▶ [Task to carry out]
Only the pictures are to be left out; the listing itself is repeated exactly.

▶ [Supplied information]
+===+

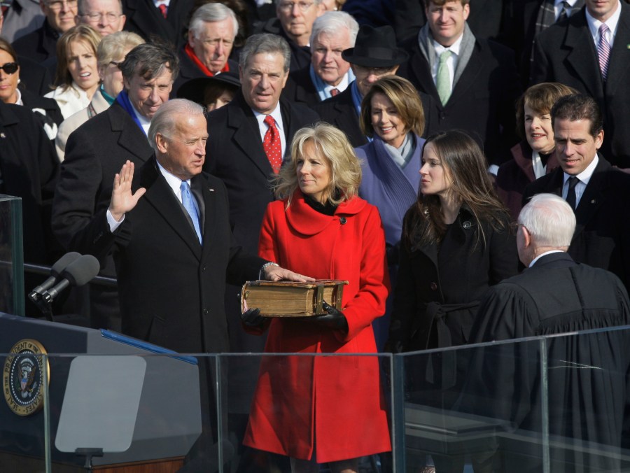 Vice President-elect Joe Biden, with his wife Jill at his side, takes the oath of office from Justice John Paul Stevens, as his wife holds the Bible at the U.S. Capitol in Washington, Tuesday, Jan. 20, 2009. (AP Photo/Elise Amendola)
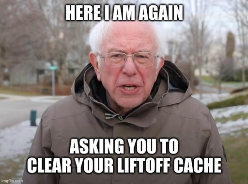 Don’t forget to clear your Liftoff cache. Liftoff currently doesn not have a auto clear cache feature.
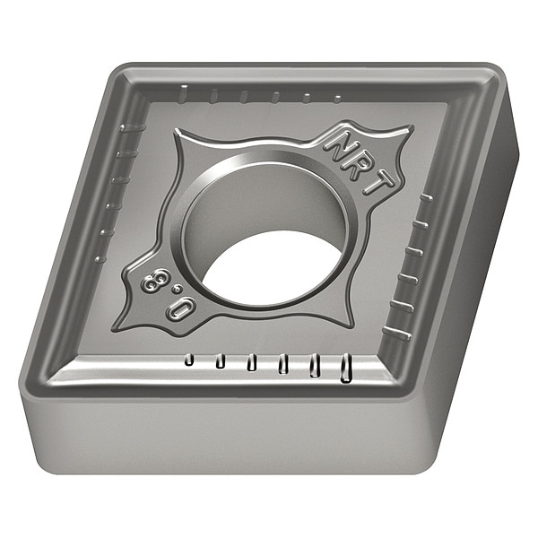 Diamond Turning Insert, Chip-Breaker Code NRT, Inscribed Circle 1/2 in, Bright (Uncoated), ANSI Code CNMG432-NRT WS10, Clearance Angle 0 Degrees
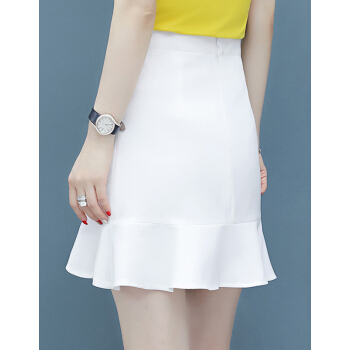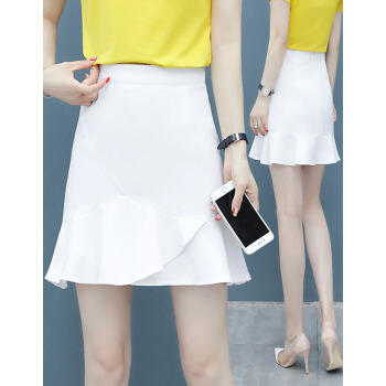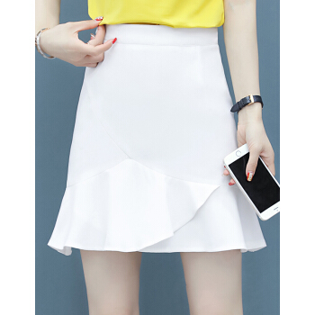 芳帛a字半身裙女2020夏季新款高腰显瘦不规则短裙子百搭韩版荷叶边包臀鱼尾裙 白色 S |

+===+

▶ [Your solution]
 Vice President-elect Joe Biden, with his wife Jill at his side, takes the oath of office from Justice John Paul Stevens, as his wife holds the Bible at the U.S. Capitol in Washington, Tuesday, Jan. 20, 2009. (AP Photo/Elise Amendola)
 Don’t forget to clear your Liftoff cache. Liftoff currently doesn not have a auto clear cache feature.
 Diamond Turning Insert, Chip-Breaker Code NRT, Inscribed Circle 1/2 in, Bright (Uncoated), ANSI Code CNMG432-NRT WS10, Clearance Angle 0 Degrees
 芳帛a字半身裙女2020夏季新款高腰显瘦不规则短裙子百搭韩版荷叶边包臀鱼尾裙 白色 S |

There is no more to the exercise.